# Am i a Lesbian?



## DSusan (Nov 19, 2017)

While taking these two tests i was surprised to see that i am a lesbian? :O

http://www.allthetests.com/quiz34/quiz/1513666042/Are-you-a-lesbian

http://www.onlinequiztest.com/lesbian-test/

How accurate are their results? your thoughts folks!


----------



## Aribeth (Jan 14, 2012)




----------



## Karsten (Apr 3, 2007)

You really need an online test to tell you?


----------



## AvoidantGuy (Oct 1, 2017)

Here is the only accurate test.

Do you like Vagina?

Yes = Lesbian

No = Straight

Sometimes = Bi


----------



## Classified (Dec 7, 2004)

AvoidantGuy said:


> Here is the only accurate test.
> 
> Do you like Vagina?
> 
> ...


*Vaginas other than her own. A girl can be any of those and still like her own vagina.


----------



## DSusan (Nov 19, 2017)

*Lesbian*



AvoidantGuy said:


> Here is the only accurate test.
> 
> Do you like Vagina?
> 
> ...


Lea it makes sense lol


----------



## AvoidantGuy (Oct 1, 2017)

Classified said:


> *Vaginas other than her own. A girl can be any of those and still like her own vagina.


This should have already been assumed, but it also is not true. Some people are born not liking what is between their legs.


----------



## Cashel (Oct 29, 2013)

All women are lesbians.


----------



## roxslide (Apr 12, 2011)

These tests seem like those shallow quizzes with answers to questions that you'd have to have some predetermined result in mind to choose them. So it just means that you wanted to get lesbian as a result.


----------



## Chevy396 (Jul 10, 2017)

If you don't know without taking an online test, you are probably not a lesbian.
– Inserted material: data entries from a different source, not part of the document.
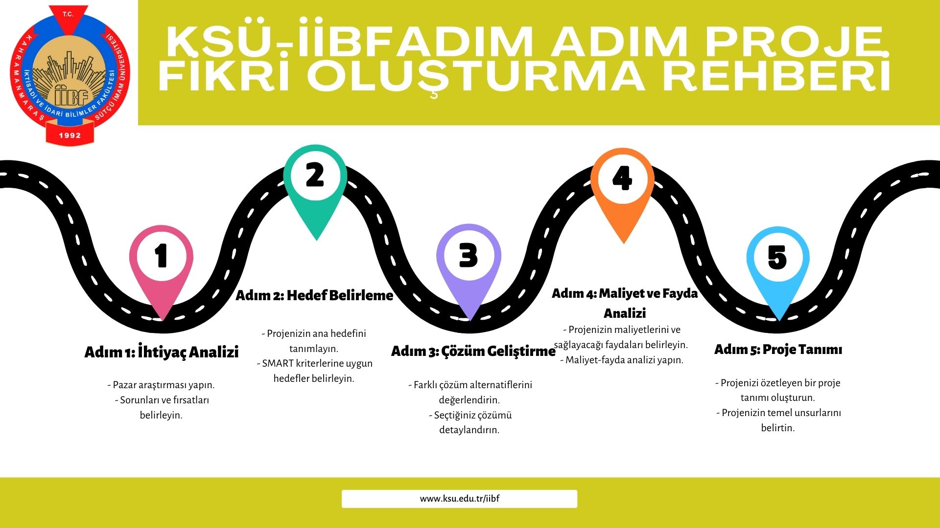 Fakültemizde uygulanmaya başlanan Stratejik Kalite Yönetimi (SKY) Eylem Planına ilişkin “C.1.3. Proje fikri oluşturma, başvuru hazırlama ve sonuçlandırmaya yönelik materyaller oluşturulması” faaliyeti kapsamında proje fikri oluşturma rehberine ilişkin yol haritası infografik olarak sunulmuştur.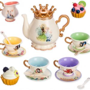 Disney Store Official Princess Tea Set with Sound Effects & Character Art Showing Snow White, Cinderella, Ariel, Belle, Tiana and More, 16-Piece Pretend Play Set with Music & Pouring Sounds for Kids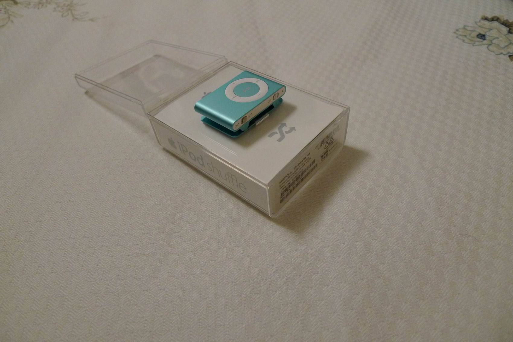 本帖最后由 绝地风暴 于 2010-4-10 21:56 编辑 冰蓝shuffle 1G,国行原装箱说全(盒子,说明书,保修卡,苹果贴纸,原装底座,原装小白),运动随身比较方便,机器使用时长不超过一个月,成色定义 ...
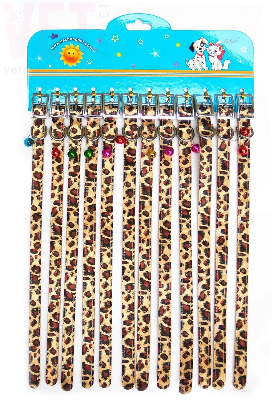 Ошейник с колокольчиком леопардового окраса на металлической застежке для собак мелких пород, а также кошек. Удобно и комфортно сидит на шее у домашнего питомца.

Maybe you are just angry at men, but still attracted to them?


----------



## DSusan (Nov 19, 2017)

Discussion is getting so rude i didn't expect it all guys....


----------



## Chevy396 (Jul 10, 2017)

DSusan said:


> Discussion is getting so rude i didn't expect it all guys....
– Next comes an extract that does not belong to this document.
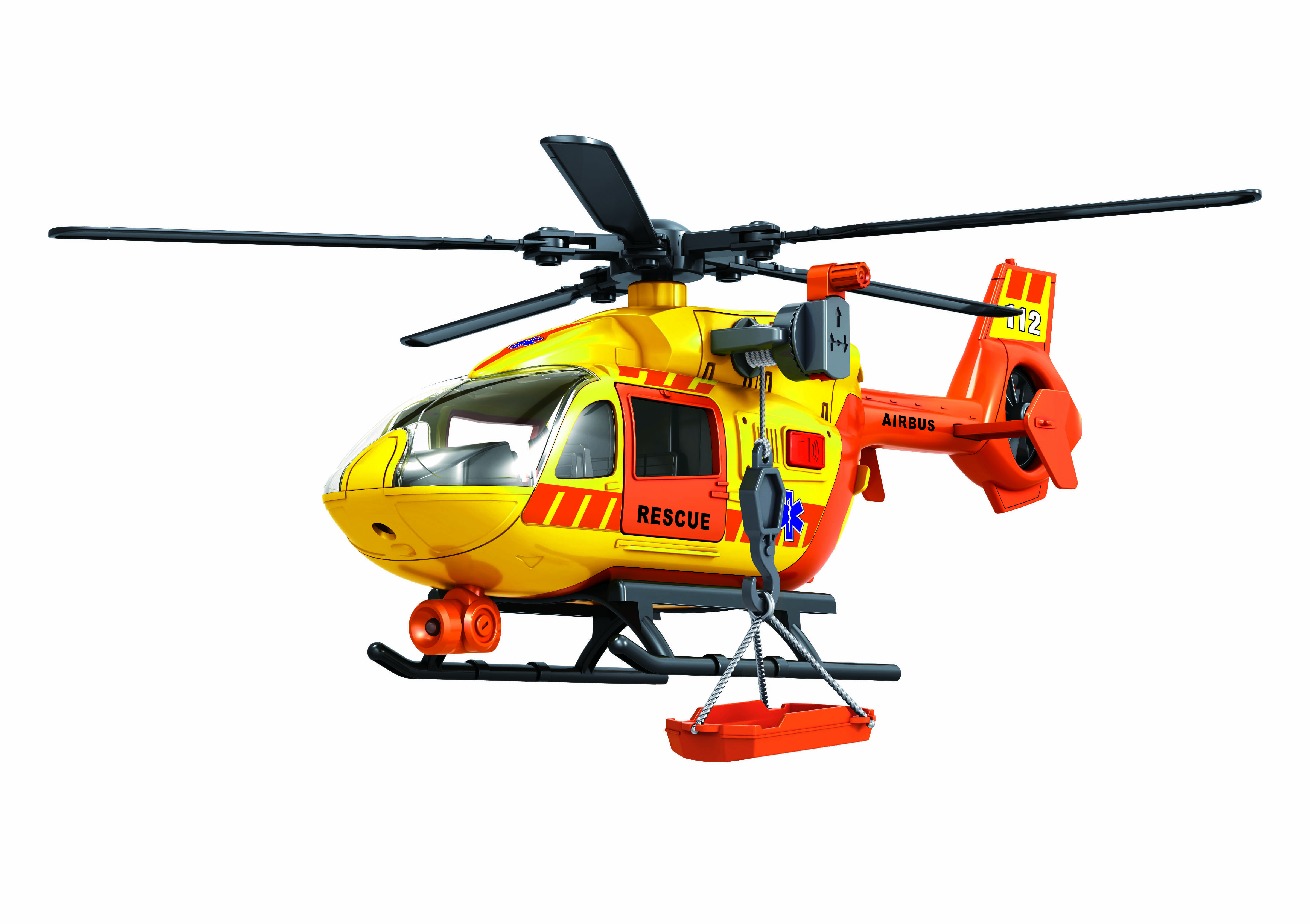 Vrtulník záchranářský s efekty. Rozměry 38x12x16 cm. Světelné a zvukové efekty tlačítkem na boční straně vrtulníku. 2xAAA baterie ze spodní strany vrtulníku součástí. Otevírací přední a zadní (nakládací plocha) dveře. Vysunovací lano s hákem pomocí otočné páčky. Součástí lehátko na hák. Funkce na obrázcích na obalu.

I actually didn't mean for my comment to sound as rude as it did. I changed it now to better convey what I was thinking.


----------



## Sus y (Aug 30, 2017)

Karsten said:


> You really need an online test to tell you?


It can helps, you never know... :b Actually this test got complicated at a point:








:um

Although I refuse to accept results either way.
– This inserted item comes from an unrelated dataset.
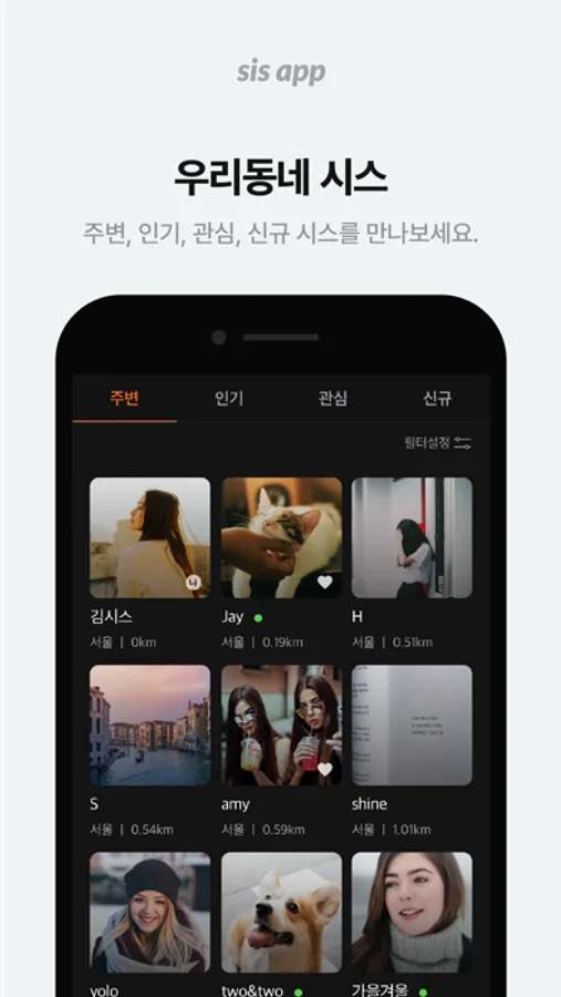 - 주변(위치기반): 내 주변 시스를 만나보세요.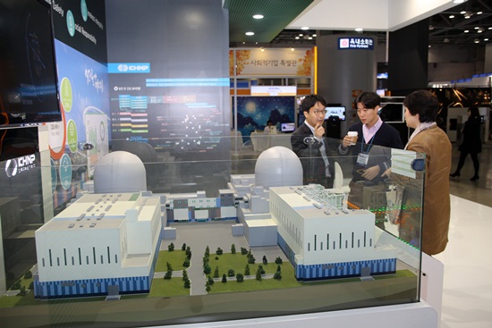 ▲한국수력원자력은 5중 차폐형으로 미국 내에서 여객기가 충돌을 해도 원자로 벽을 뚫을 수 없는 구조로 안전한 한국형 표준 원전 APR 1400을 소개했다.

http://www.allthetests.com/quiz34/quiz/1513666042/Are-you-a-lesbian
Are you a lesbian?
You are most likely bisexual! good for you, you like both genders and I accept that about you ❤

http://www.onlinequiztest.com/lesbian-test/
lesbian test
You might be a Lesbian



AvoidantGuy said:


> Here is the only accurate test.
> 
> Do you like Vagina?
> 
> ...


Ummmm what if I like girls but don't like vaginas except my own? or what if I like vaginas but don't want to have sex with them? :um Complicated.... What if I like boobs but I don't like vaginas? :O



Classified said:


> *Vaginas other than her own. A girl can be any of those and still like her own vagina.


I like my vagina, I'm feeling so lesbian now. 
:um

*Should we do a lesbian club in SAS?*


----------



## Kilgore Trout (Aug 10, 2014)

AvoidantGuy said:


> Here is the only accurate test.
> 
> Do you like Vagina?
> 
> Yes = Lesbian


I'm a lesbian! :yay

*faps to self*


----------



## Chevy396 (Jul 10, 2017)

Sus y said:


> I like my vagina, I'm feeling so lesbian now.
> :um


I think we're going to need photographic proof of this. You could be lying.


----------



## Sus y (Aug 30, 2017)

solutionx said:


> I think we're going to need photographic proof of this. You could be lying.


I got confused, you need a photo of my vagina for me to proof I have one or a photo of how much I like it? :um


----------



## Wren611 (Oct 19, 2012)

"lesbian test
You might be a Lesbian"

"Are you a lesbian?
You are most likely bisexual! good for you, you like both genders and I accept that about you ❤"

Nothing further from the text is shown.